Thomas Haden Church Talks HBO’s Divorce: “Anybody’s Emotional Life Is Worth Examining”
Craig Blankenhorn/HBO
Thomas Haden Church’s character on HBO’s Divorce is not a perfect father, and frankly, far from a perfect husband. He’s monotonous, whiny, pretentious, passive-aggressive and long-winded. Perhaps these personality peccadillos were endearing to his wife, Frances (Sarah Jessica Parker), when they were first dating, but now that the couple has hit middle age, they’re infuriating—so much that she’s driven to have an affair with a college professor (Jemaine Clement) and shoot her husband the finger when he’s not looking.
As evidenced by her actions, Parker’s Frances is no picnic herself, but the larger point is that Church and Parker’s characters fell out of love long ago and spend the first season of Divorce pursuing the titular split. As they begin to trudge through what soon becomes a series of openly nasty, vindictive proceedings, they’re simultaneously forced to reckon with both why their marriage failed and whether or not they truly do have any remaining feelings for one another.
“Next season there’s obviously custody stuff to work out and shared assets,” says Church, a veteran actor who has also starred in films like Sideways, Easy A and Spanglish. “But we really want to get a sense of how we are all moving on. That doesn’t mean that the divorce is going to be resolved anytime in the near future. Sarah Jessica and I both feel like this season has been defined by a lot of confrontation, hostility, blame-throwing and finger-pointing. We want to move past a lot of that and break new ground because we’re with the family and kids.”
Church recently called up Paste to talk about Divorce’s Season One finale (which airs Sunday at 10 p.m.), ruminates on Robert’s many acts of aggression (such as handing Clement a gun, in one particularly jarring scene) and predicts what’s next for his character and his soon-to-be ex-wife.
Paste: Audiences are introduced to Frances and Robert at the lowest point of their marriage: Frances is cheating on Robert, and Robert appears to have stopped putting in any effort at all. What do you think drew this couple together in the first place?
Thomas Haden Church: It was discussed liberally. In between actually starting shooting in November, we had about eight months and SJ and I would check in periodically. We would have these vague yet specific esoteric imaginings about who they were, even before they met, because given that we’re both 50ish in the show and been together for 20ish years—we discussed the distinct possibility that they’d had whole relationships, but didn’t get together until their late 20s or even 30s. 20 years later, where did that disconnect begin? How long-simmering had it been?

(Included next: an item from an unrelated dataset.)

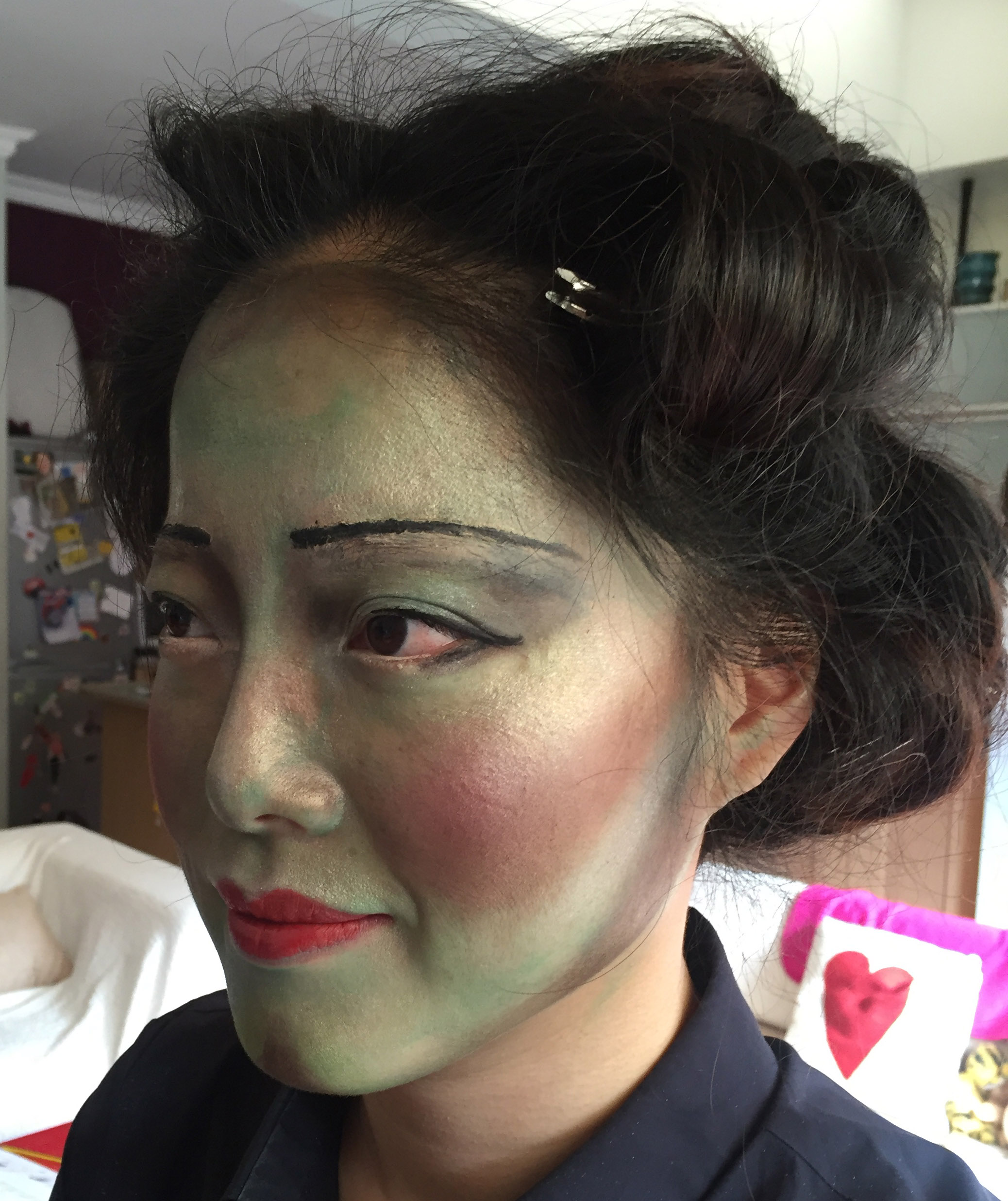 I am proud to show you my masterpiece. As I have only been making the old, young, male and female beautiful: this is a different skill, the painterly side of makeup art.

The lacking of emotional awareness is something I’ve talked about on Robert’s side. He’s allowed himself—and I think this is fairly commonplace in our society, and certainly not exclusive to men—to go with the rift. In the first few episodes, really the first three or four, he doesn’t have any real emotional connection to his children, the people he works with, to his ostensible friends, which is almost unilaterally Tracy Letts’ character, Nick. He has no real connection to Nick. The comedy just comes out of the absurdity of Robert’s complete emotional isolation. The episode when I sit down with the workers at the job site and ask them about their lives, their happiness and their marriages, it’s not insincere at all. It has to be sincere, but the comedy comes out of the absurdity of the situation. One of the workers said he’s got a guy who can get me a gun, and boom, I’m giving Julian a gun. The gun idea was my idea, because I wanted to bring in a level of not danger or threat, but something that was more mysteriously absurd. But my point is that there is something slightly unhinged about where Robert is emotionally.
Paste: My read on Robert’s handling of the Julian situation is that he is trying to redefine or repossess his masculinity to some extent.
Church: There’s clearly some salient moments with that. In “Church,” he’s aggressively working out with the heavy bag, and in the very end he’s injecting himself with testosterone. Which you know, that’s a very common thing in society now, it’s not that edgy. But we introduce the possibility that he’s doing too much and that is compelling him. Even at the archery range, which is such a lighthearted, romping thing, but I ask my daughter if she could kill for me. I don’t know if you remember that moment. She’s like, “Yeah, I think so.” It wasn’t written. Everybody was just like, wait a second, you’re asking a 12-year-old if she could kill for you?
Paste: But I feel like he might be just doing these hyper-aggressive things to assert his power over a situation that’s surpassed his control. Even if he isn’t truly a violent man.
Church: Absolutely. What good is it to point [the gun] at Julian or keep it at my side? The introduction of the weapon, there it is, there’s the threat. Robert immediately empowers himself even further by giving Julian the gun, which is to say, “Whatever you do with it, I’m fine, I’m good.”